Readers don’t care that you’re excited. In fact, if you are too insistent that they share your feelings, your writing will have the opposite effect: Readers will become bored and stop trusting you as an impartial source of information.

For example, saying, “It’s  the most incredible, unbelievable product to ever hit the market!” sounds trite and the writer sounds biased. Far better to show, not tell, and support your excitement with statistics and describe the reactions of others. 


Far better to show, not tell, and support your excitement with statistics and describe the reactions of others.


Instead of telling readers that the product was exciting, point to the fact that the product sold out within the first hour, or quote users.
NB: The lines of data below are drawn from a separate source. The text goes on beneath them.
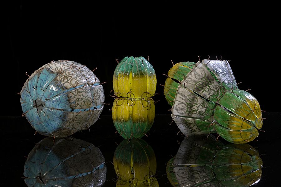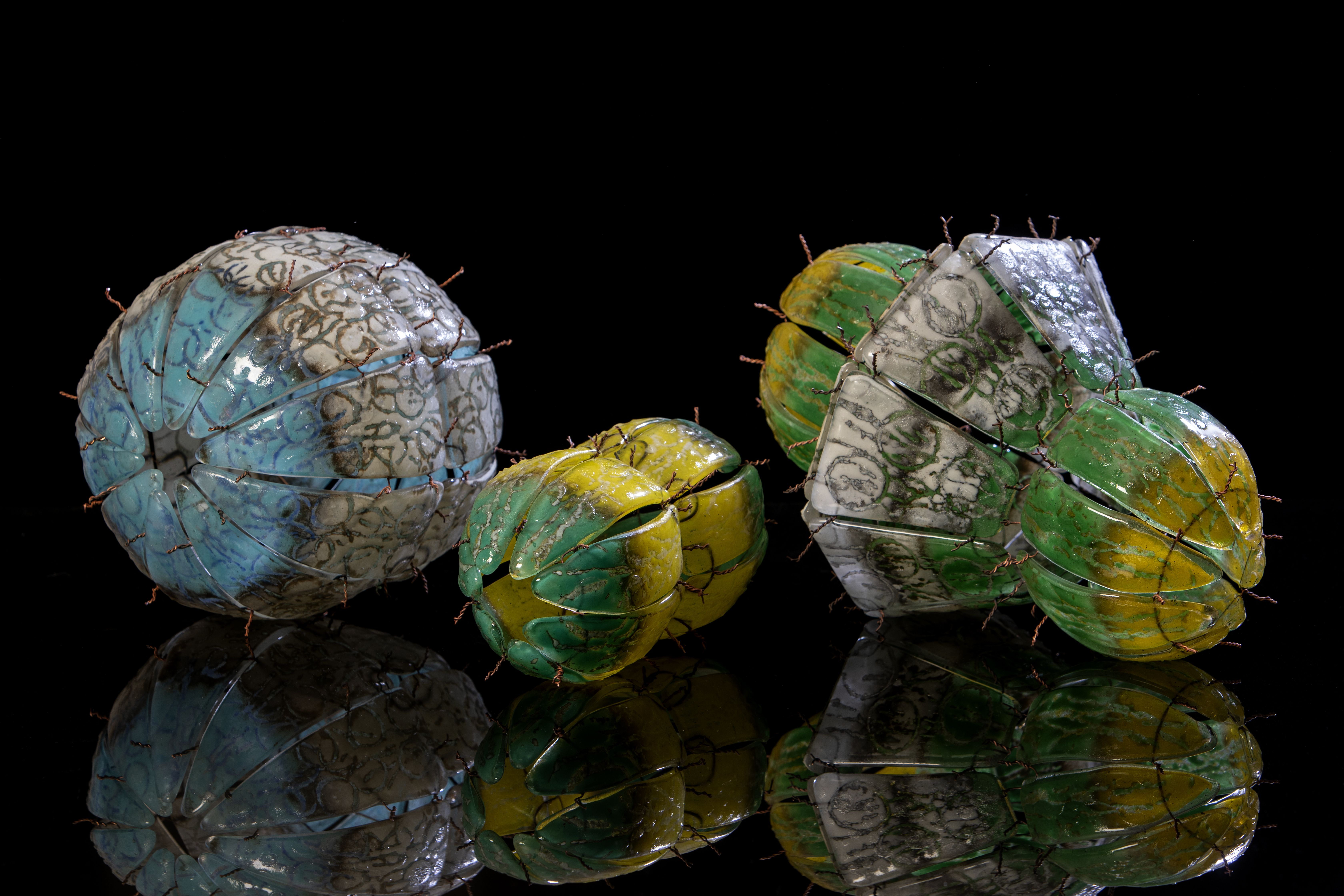 These are made with powdered glass and fused-in copper wire. Each piece is fired up to 6 times to add textures and shape before joining together to make the finished 3D forms.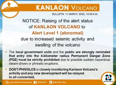 (Eagle News)–The Philippine Institute of Volcanology and Seismology has raised an alert level 1 over Mt. Kanlaon due to what it said was increased seismic activity and the swelling of the volcano. Alert level 1 means the volcano is in an abnormal state. In its advisory, PHIVOLCS said Kanlaon volcano’s seismic monitoring network recorded a total of 80 volcanic earthquakes since March 9. PHIVOLCS said this was dominated by 77 low-frequency events that are “associated […]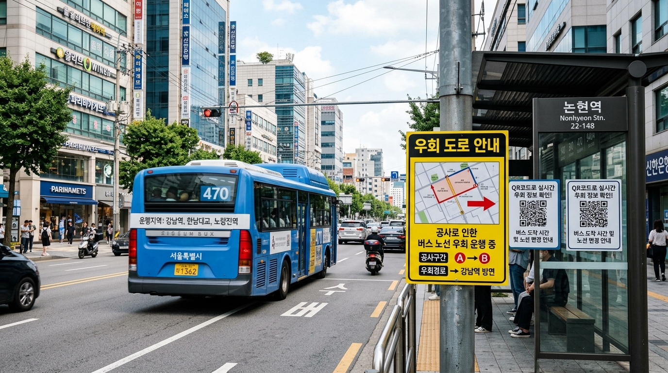 각 버스 정류소에 부착된 QR코드를 스캔하면 해당 정류소를 지나는 버스들의 우회 경로를 실시간으로 확인할 수 있습니다. 네이버 지도나 카카오맵 앱에서도 '우회' 표시가 뜨니 이동 전에 반드시 경로를 재검색해 보세요.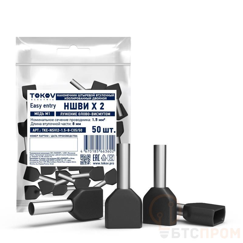 Наконечник штыревой втулочный изолированный двойной НШВИ(2) 1.5-8 от TOKOV ELECTRIC (артикул TKE-NSVI2-1.5-8-C05/50) предназначен для надежного и безопасного соединения двух медных проводников сечением 1.5 мм² в один контактный узел под винт диаметром 8 мм.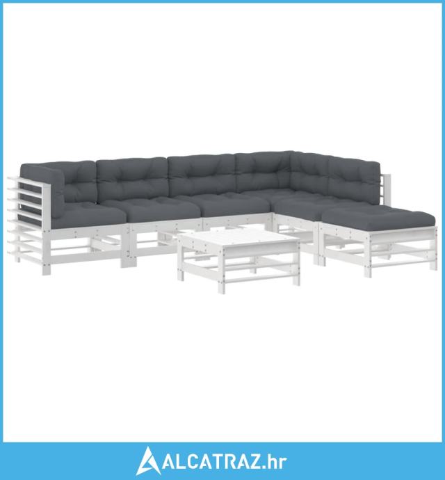 7-dijelna vrtna garnitura s jastucima bijela od masivnog drva - NOVO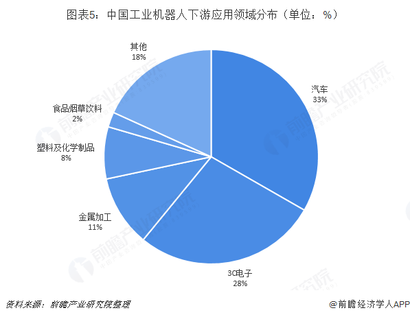 据2017年工业机器人销量数据显示,汽车行业仍是中国工业机器人应用最广泛的领域,占比达到33.25%;随后是3C、金属加工、塑料及化学制品、食品烟草饮料,占比分别约27.65%、10.76%、7.65%、2.27%。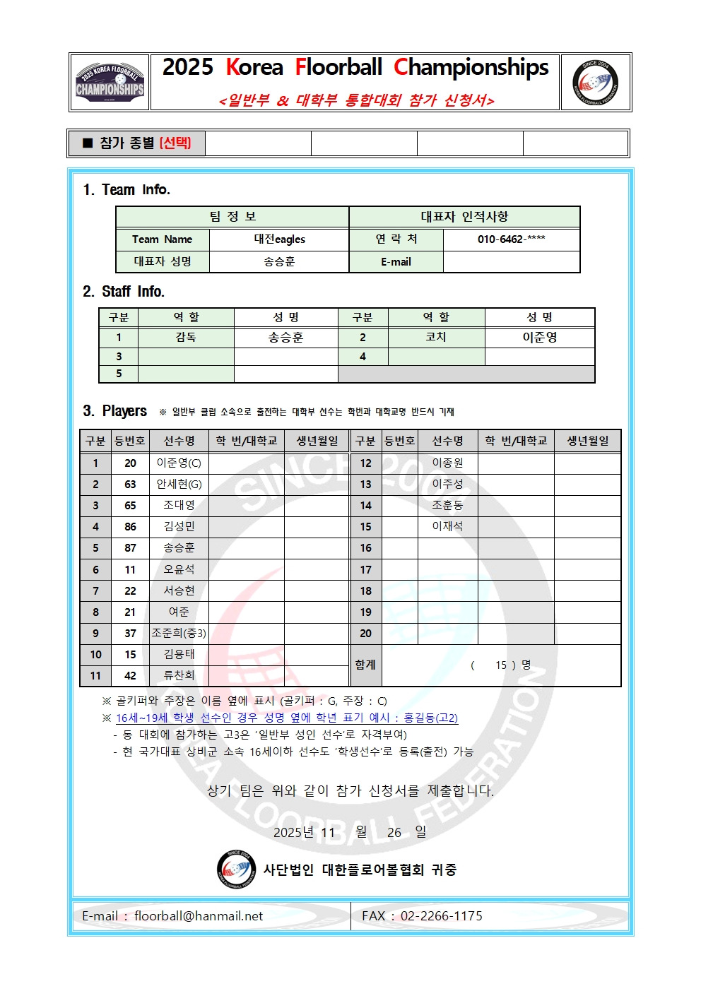 [남자부-12] 2025 Korea Floorball Championships (일반부&대학부 통합)- 대전이글스 작성자floorball|작성시간25.11.26|조회수106 목록 댓글 0 글자크기 작게가 글자크기 크게가 다음검색 현재 게시글 추가 기능 열기 북마크 공유하기 신고 센터로 신고 댓글 댓글 0 댓글쓰기 답글쓰기 댓글 리스트

Always try to lay out the facts and let readers decide.

To take it a step further, downplaying the importance of something can heighten its effect. In Hemingway’s For Whom the Bell Tolls, he describes violence with the same simple language one might use to describe a pedestrian crossing the street. But the effect is powerful: 


"They beat him until he fell and the man who had stuck him first called to others to help him and he pulled on the collar of Don Benito’s shirt..." 


Much better than, “Wham, they clobbered him until he went sprawling!”



5. Vary your sentence structure


Like long, straight roads, repetitive writing puts people to sleep. Vary your sentence structure – between long and short or complex and simple – so readers feel like they’re riding up hills and down valleys. For example, turn this: 


The company was on the verge of bankruptcy, and the CEO wasn’t sure what to do. He and his executive team sat down, but they were interrupted before they could begin. The intern came rushing in, brandishing a blue slip of paper. 


Into this: 


With the company on the verge of bankruptcy, the CEO wasn't sure what to do. He gathered his executive team but just as they sat down, they were interrupted – an out-of-breath intern rushed in brandishing a blue slip of paper.



6. Resist the urge to use parentheses


When writing business articles, either say something or don’t. Writers often use parentheses to indicate that information is supplementary but if the goal is to provide readers exactly what they need and nothing more, parentheses only serve to slow the reading down. Far better to use commas, en dashes, or links. 



7. Prune mercilessly 


You goal in writing is to convey as much as possible while using the fewest words.. Trim your writing of needless words or flowery descriptions. A good rule of thumb to avoid passive voice: once you write your article, go back and trim another 30 percent. That means making tough calls, which fall into two categories: 


Without sacrificing content


If you can remove words, phrases, sentences, or entire paragraphs and still convey the same message, do so. Delete words and reread the piece to be sure. You’ll also find that many phrases can be condensed into a single word. For example, “On a daily basis” becomes every day. “Corroborate the identity of” becomes verify. 


Sacrificing content


This is where pruning gets tough: If two sentences are making a paragraph feel cluttered, you must decide which is more important. This takes a very nuanced understanding of what’s most essential in telling the story. Test ways to combine the two and reread the piece to see if it’s better with one or the other and choose the strongest.

And remember what Mark Twain said: “Writing is easy. All you have to do is cross out the wrong words.”